You can read Part I, on joy and writing, here. You can read Part II, on the politics of prizes and reading, here.
The shortlisted writers and stories are:
- Erica Sugo Anyadike (Tanzania): How to Marry an African President.
- Chikodili Emelumadu (Nigeria and UK): What to do when your child brings home a Mami Wata.
- Jowhor Ile (Nigeria): Fisherman’s Stew.
- Rémy Ngamije (Rwanda and Namibia): The Neighbourhood Watch.
- Irenosen Okojie (Nigeria and UK): Grace Jones.
Erica Sugo Anyadike
What do you take from being a screenwriter that helps in writing short stories and vice versa? Are the processes the same or do they differ?
Writing for the screen, you’re encouraged to think more about how to present only what you can see or hear. So your sensory depiction is visual or aural. The inner life of characters is hinted at or alluded to, but you never hear an interior monologue or have direct access to their thoughts. That’s not necessarily a bad thing because it encourages you to think about choices. If I want to present someone who is depressed, for example, how would I show the setting around them? What does their bedroom look like? Are there mouldy dishes? What do they look like? Are they unkempt? In writing, you have a lot more to play with but both mediums require you to examine choices. Film and television are also a lot more collaborative. Writing is something that you can do yourself, you can execute your vision exactly how you want it. Writing is word painting and also, world painting and because you are solely responsible for it, it’s up to you to acquire the tools to help you depict the lives of your characters exactly how you want them.
Chikodili Emelumadu
You’ve once said: “People are so entrenched in their view of what is African that they can’t reconcile a story about people sitting in a café…I am through feeling guilty that my version of African is so different from everyone else’s.” How did this guilt influence your writing? At what point did you overcome it?
I wrote some godawful pieces, that’s what happened. They were full of lies and what I thought an African story should be. There was no truth to them and they went nowhere. As soon as I finished each piece, I’d feel as if I’d smeared my soul with someone else’s excrement and everything in my head would be jumbled up and oily. Those were terrible times. Nowadays, I don’t give a shit. Each story’s voice and form is unique, and part of growing as a writer is recognising and accepting this. For now, I write my “conventional”, and I know this resonates with many people because it is their “conventional” as well. If you believe that this world is not all there is, then I write for you. Everything in this world is touched by otherness, the possibility of more out there. It influences everything we do: our pursuit of happiness, of meaning. The very essence of the human soul yearns for the unknown no matter how solid the known world is. I’m just more accepting of this fact. I should add, however, that I didn’t realise I was writing in genre. Other people seemed to think so and now I have the label. Isn’t mainstream a genre too? What does mainstream even mean and who is it for, really? A decade ago I bought the original Grimm fairy and folktales. In it, the story of Cinderella ends quite differently than in the Disney version, for Cinderella’s stepsisters, in order to fit their feet into the glass slipper, cut their toes and heels off with a sharp knife. Glass, rigid and unyielding, cold and shiny. How many people’s feet would realistically fit? Those shoes were made to fit just one person. Cinderella. There are lots of other shoes, all shapes and sizes and colours and fits! Why limit yourself just so you can marry the prince? He doesn’t have two penises or two brains. I’d rather just wear some other shoes and live happily ever after. If mainstream wants me, it can jolly well keep up. I’m not going to be hobbled by glass slippers.

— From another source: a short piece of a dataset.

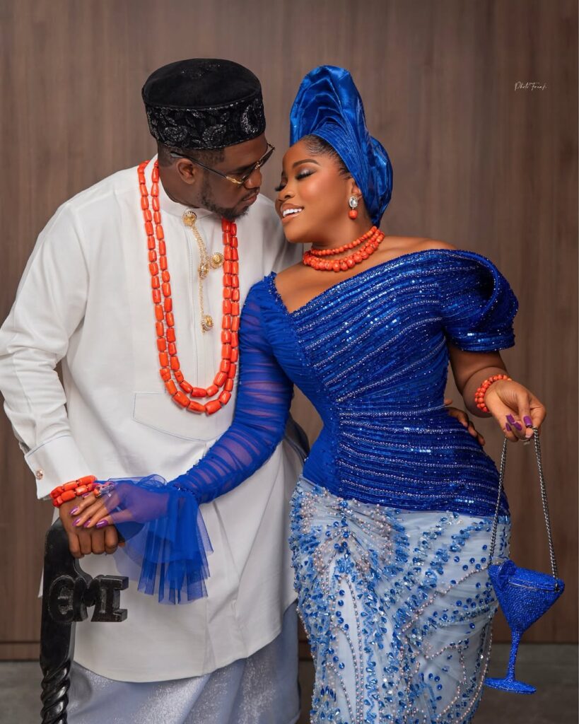 Of course, Veekee didn’t stop at the dress. She tied the whole look together with a matching blue gele, stacked coral beads, and a sparkling purse shaped like a cocktail glass—yes, you read that right. It wasn’t just an outfit; it was a whole fashion moment in electric blue.

Your story focuses on heterosexual liaisons, while same-sex ones are frowned upon. If science fiction is to help us escape reality, why can’t the LGBTQ folk catch a break even here?
Anytime I read “Both genders” at the start of my story, I cringe because of course there aren’t just two. I was careless with this fact. I wrote this story a few years ago because I was disturbed by the way Nigeria and other African countries treat people we perceive as other, by the fourteen-year jail term for gay association, increasingly malevolent religion, by cultural shifts. I grew up seeing men hold hands and now, they’d probably get beaten up and set on fire. I wanted to present all of this, to be true to what was happening at the time – and what has continued to happen. Nobody catches a break in this story but I wouldn’t want to make it a habit for the LGBTQ community to get short shrift in my work, just because they are.
Are you concerned that some readers might start to identify as Mami Wata? Is there anyone you know of whom you are suspicious? Or perhaps this was your intention all along?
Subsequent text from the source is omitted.